_Recorded information:_

┄┄┄┄┄┄┄┄┄┄┄┄┄┄┄┄┄┄┄┄

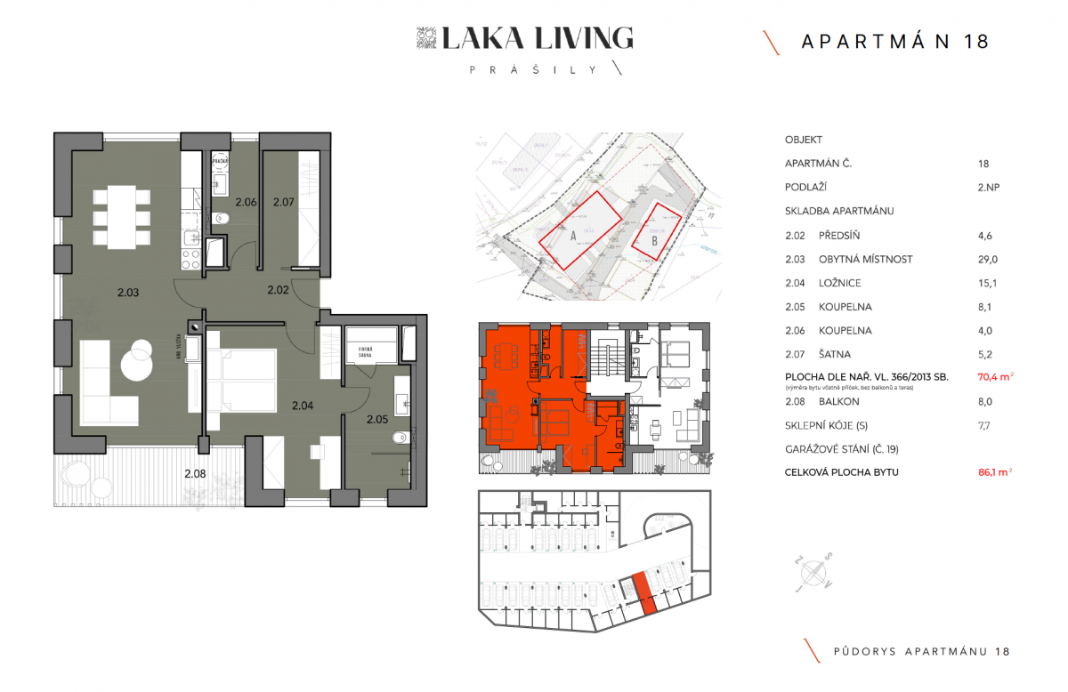 We offer for sale a luxury mountain apartment of 2 + kk with a living area of 66 m² and a floor area of 70.4 m² with a balcony of 8 m². The apartment is located on the 2nd floor of the apartment building "B" in the newly emerging development project LAKA LIVING in Sumava. The apartment is oriented on the SE-SE-NW side. The apartment consists of a living room (29 m²), a bedroom (15.1 m²) with its own bathroom including a Finnish sauna and toilet (8.1 m²), a dressing room (5.2 m²), a second bathroom with toilet (4 m²) and a hallway (4.6 m²).
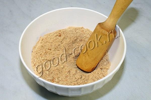 Печенье измельчить в крошку. Влить растопленное масло, размешать.
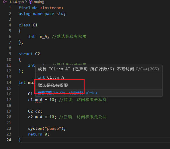 1 2 3 4 5 6 7 8 9 10 11 12 13 14 15 16 17 18 19 20 21 22 23 24 #include <iostream> using namespace std;class C1 { int m_A; }; struct C2 { int m_A; }; int main () { C1 c1; c1.m_A = 10 ; C2 c2; c2.m_A = 10 ; system ("pause" ); return 0 ; }
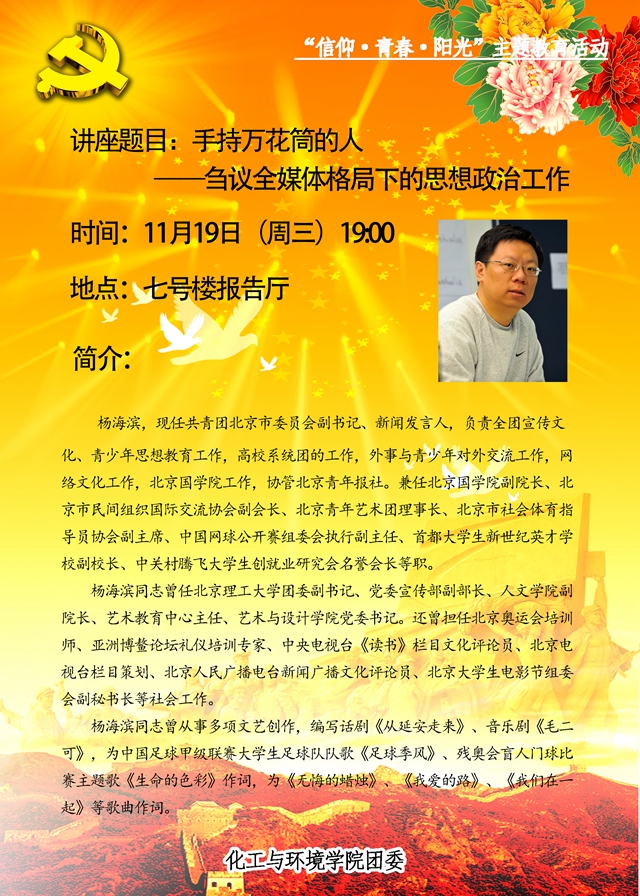 为切实引导和帮助青年学生以习近平总书记系列重要讲话精神为根本遵循,自觉将社会主义核心价值观内化于心、外化于行;鼓励学生做有理想、有道德、有文化的社会主义公民。此次讲座化工与环境学院团委有幸邀请到共青团北京市委副书记杨海滨老师为同学们做关于解读社会主义核心价值观的主题教育讲座,欢迎广大老师、青年同学聆听。

┄┄┄┄┄┄┄┄┄┄┄┄┄┄┄┄┄┄┄┄

_Task instructions:_ Find the line with "Печенье измельчить в". Reproduce it and every line after it through the last line above exactly, leaving out the pictures.

_Solution to this exercise:_
 Печенье измельчить в крошку. Влить растопленное масло, размешать.
 1 2 3 4 5 6 7 8 9 10 11 12 13 14 15 16 17 18 19 20 21 22 23 24 #include <iostream> using namespace std;class C1 { int m_A; }; struct C2 { int m_A; }; int main () { C1 c1; c1.m_A = 10 ; C2 c2; c2.m_A = 10 ; system ("pause" ); return 0 ; }
 为切实引导和帮助青年学生以习近平总书记系列重要讲话精神为根本遵循,自觉将社会主义核心价值观内化于心、外化于行;鼓励学生做有理想、有道德、有文化的社会主义公民。此次讲座化工与环境学院团委有幸邀请到共青团北京市委副书记杨海滨老师为同学们做关于解读社会主义核心价值观的主题教育讲座,欢迎广大老师、青年同学聆听。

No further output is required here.